• **PROBLEM REQUIREMENTS**:
Would you transcribe the listing that follows word for word, skipping pictures?

• **DATA EXTRACT**:
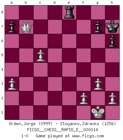 Last move : 1-0 2009 April 15 16:27:8 [Event "FICGS__CHESS__RAPID_E__000014"] [Site "FICGS"] [Date "2009.04.04"] [Round "1"] [White "Orden,Jorge"] [Black "Stoyanov,Zdravko"] [Result "1-0"] [WhiteElo "0999"] [BlackElo "1256"] 1.e4 c5 2.Nf3 Nc6 3.d4 d6 4.d5 Ne5 5.Bb5+ Bd7 6.Bxd7+ Nxd7 7.O-O h6 8.Bf4 Ngf6 9.c4 Nxe4 10.Nbd2 Nxd2 11.Qxd2 Nb6 12.Qe2 Nd7 13.a3 Qb6 14.Rab1 O-O-O 15.Qd2 e5 16.Bg3 Qb3 17.Qe3 Qxc4 18.Rfd1 Nb6 19.Rbc1 Qa2 20.b4 Nxd5 21.Qe4 Nf6 22.Qf5+ Kc7 23.Nxe5 dxe5 24.Qxe5+ Bd6 25.Rxd6 Nd7 26.Rxd7+ Kxd7 27.Qd6+ Ke8 28.Re1+ Qe6 29.Rxe6+ fxe6 30.Qxe6+ Kf8 31.Bd6+ Rxd6 32.Qxd6+ Kg8 33.bxc5 Kh7 34.Qd7 Rf8 35.Qxb7 Re8 36.g3 1-0 Sicilian defense Kingside Castling by player White (move 7) Queenside Castling by player Black (move 14) Player White won this chess game. Follow this game move after move (download)There are tough players and nice guys, and I'm a tough player. (Bobby Fischer) Jeder leidlich begabte Spieler, er braucht keineswegs hervorragend veranlagt zu sein, kann es zum Meister bringen. Aber das ist ja auch gar nicht nötig! Der richtige Standpunkt ist es, zu seinem Vergnügen zu spielen, und man glaube ja nicht, dass der Genuss proportional dem Können sei. (Siegbert Tarrasch) ¿Que sería del Ajedrez sin errores graciosos?. (Kurt Richter) On entre au jeu d'Echecs comme on entre en Religion. Pour le joueur d'Echecs, la partie d'Echecs c'est l'office, la messe, le défilé du 1er Mai, le dépôt de gerbe au Monument aux Morts. C'est un drame sacré. (Michel Roos) Home computers are being called upon to perform many new functions, including the consumption of homework formerly eaten by the dog. (Doug Larson)
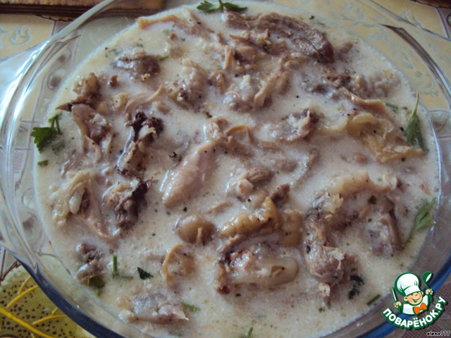 Дальше выложить ещё одну часть мяса, залить стаканом бульона, смешанным с майонезом. Снова на холод.
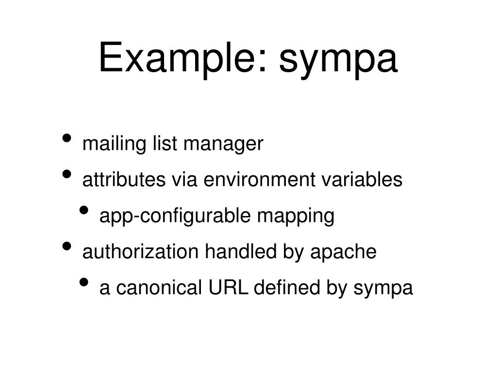 Example: sympa • mailing list manager • attributes via environment variables • app-configurable mapping • authorization handled by apache • a canonical URL defined by sympa
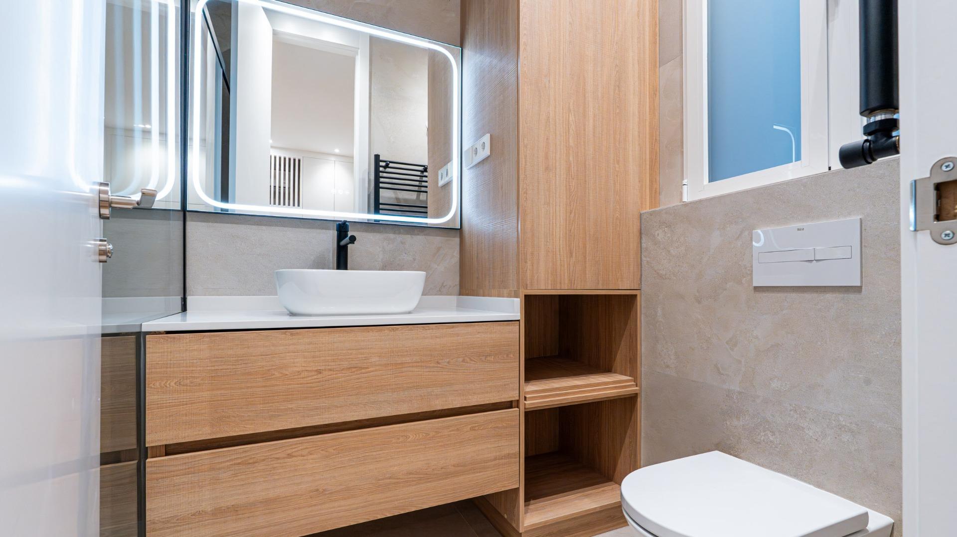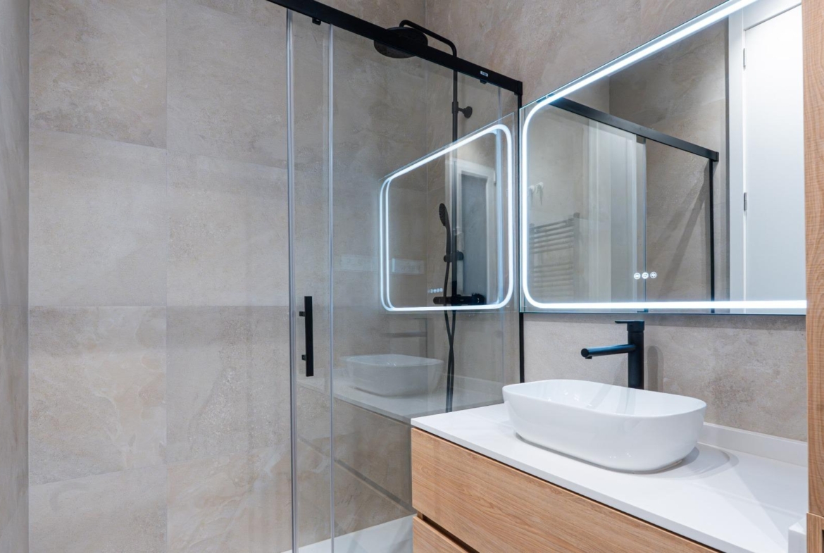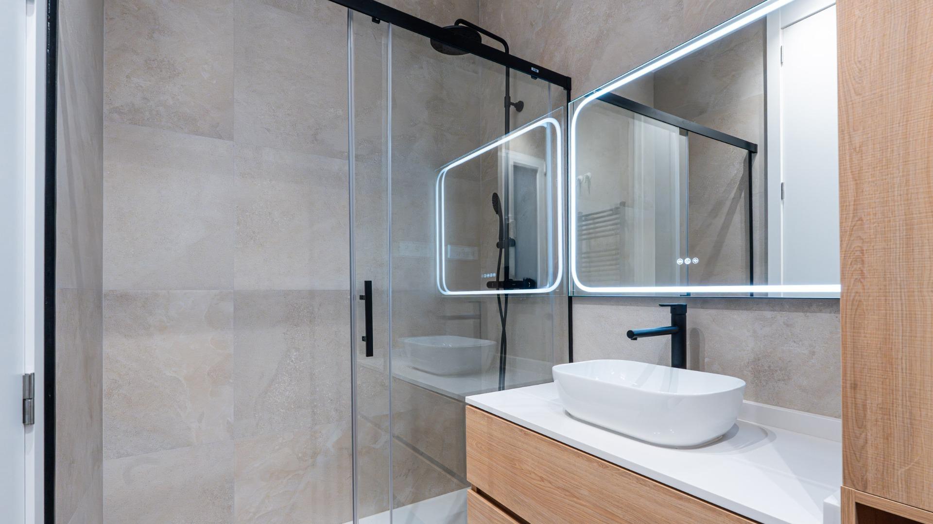 Ambos baños combinan revestimientos porcelánicos en tonos neutros, muebles de madera, grifería negra de diseño, espejos retroiluminados y modernos toalleros calefactores.
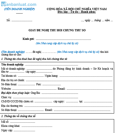 (Tên doanh nghiệp) ……. đề nghị …………… (tên Nhà cung cấp dịch vụ chữ ký số) thu hồi chứng thư số cho:
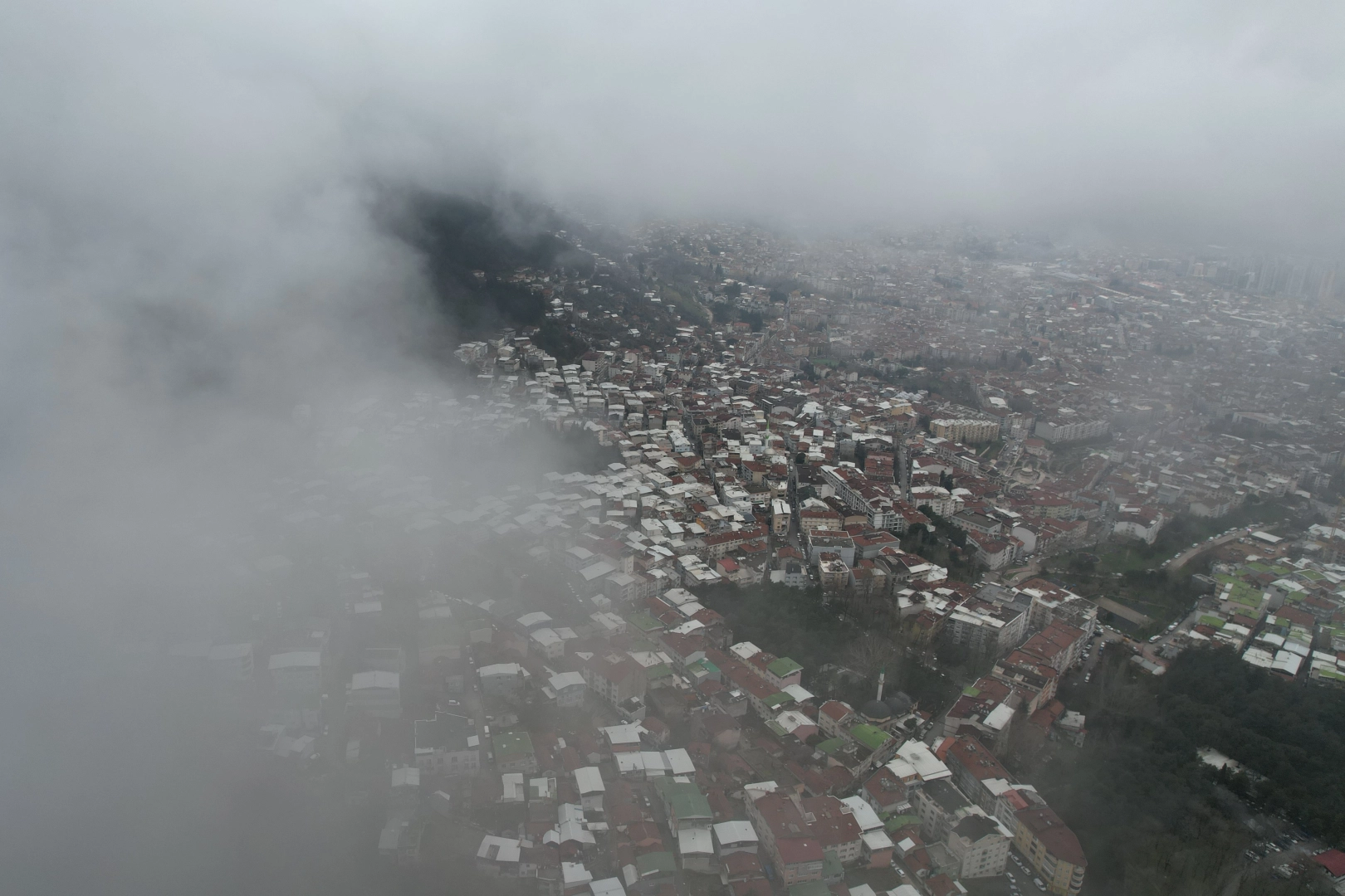 Özellikle Uludağ yamaçlarından şehir merkezine doğru ilerleyen sis bulutları, kenti adeta beyaz bir örtüyle kapladı. Sis şehir merkezine kadar ulaşmasına rağmen trafikte görüş mesafesini olumsuz etkileyecek bir yoğunluğa ulaşmadı. Ortaya çıkan etkileyici manzaralar dron ile havadan görüntülendi.

• **OUTPUT FOR THIS TASK**:
 Last move : 1-0 2009 April 15 16:27:8 [Event "FICGS__CHESS__RAPID_E__000014"] [Site "FICGS"] [Date "2009.04.04"] [Round "1"] [White "Orden,Jorge"] [Black "Stoyanov,Zdravko"] [Result "1-0"] [WhiteElo "0999"] [BlackElo "1256"] 1.e4 c5 2.Nf3 Nc6 3.d4 d6 4.d5 Ne5 5.Bb5+ Bd7 6.Bxd7+ Nxd7 7.O-O h6 8.Bf4 Ngf6 9.c4 Nxe4 10.Nbd2 Nxd2 11.Qxd2 Nb6 12.Qe2 Nd7 13.a3 Qb6 14.Rab1 O-O-O 15.Qd2 e5 16.Bg3 Qb3 17.Qe3 Qxc4 18.Rfd1 Nb6 19.Rbc1 Qa2 20.b4 Nxd5 21.Qe4 Nf6 22.Qf5+ Kc7 23.Nxe5 dxe5 24.Qxe5+ Bd6 25.Rxd6 Nd7 26.Rxd7+ Kxd7 27.Qd6+ Ke8 28.Re1+ Qe6 29.Rxe6+ fxe6 30.Qxe6+ Kf8 31.Bd6+ Rxd6 32.Qxd6+ Kg8 33.bxc5 Kh7 34.Qd7 Rf8 35.Qxb7 Re8 36.g3 1-0 Sicilian defense Kingside Castling by player White (move 7) Queenside Castling by player Black (move 14) Player White won this chess game. Follow this game move after move (download)There are tough players and nice guys, and I'm a tough player. (Bobby Fischer) Jeder leidlich begabte Spieler, er braucht keineswegs hervorragend veranlagt zu sein, kann es zum Meister bringen. Aber das ist ja auch gar nicht nötig! Der richtige Standpunkt ist es, zu seinem Vergnügen zu spielen, und man glaube ja nicht, dass der Genuss proportional dem Können sei. (Siegbert Tarrasch) ¿Que sería del Ajedrez sin errores graciosos?. (Kurt Richter) On entre au jeu d'Echecs comme on entre en Religion. Pour le joueur d'Echecs, la partie d'Echecs c'est l'office, la messe, le défilé du 1er Mai, le dépôt de gerbe au Monument aux Morts. C'est un drame sacré. (Michel Roos) Home computers are being called upon to perform many new functions, including the consumption of homework formerly eaten by the dog. (Doug Larson)
 Дальше выложить ещё одну часть мяса, залить стаканом бульона, смешанным с майонезом. Снова на холод.
 Example: sympa • mailing list manager • attributes via environment variables • app-configurable mapping • authorization handled by apache • a canonical URL defined by sympa
 Ambos baños combinan revestimientos porcelánicos en tonos neutros, muebles de madera, grifería negra de diseño, espejos retroiluminados y modernos toalleros calefactores.
 (Tên doanh nghiệp) ……. đề nghị …………… (tên Nhà cung cấp dịch vụ chữ ký số) thu hồi chứng thư số cho:
 Özellikle Uludağ yamaçlarından şehir merkezine doğru ilerleyen sis bulutları, kenti adeta beyaz bir örtüyle kapladı. Sis şehir merkezine kadar ulaşmasına rağmen trafikte görüş mesafesini olumsuz etkileyecek bir yoğunluğa ulaşmadı. Ortaya çıkan etkileyici manzaralar dron ile havadan görüntülendi.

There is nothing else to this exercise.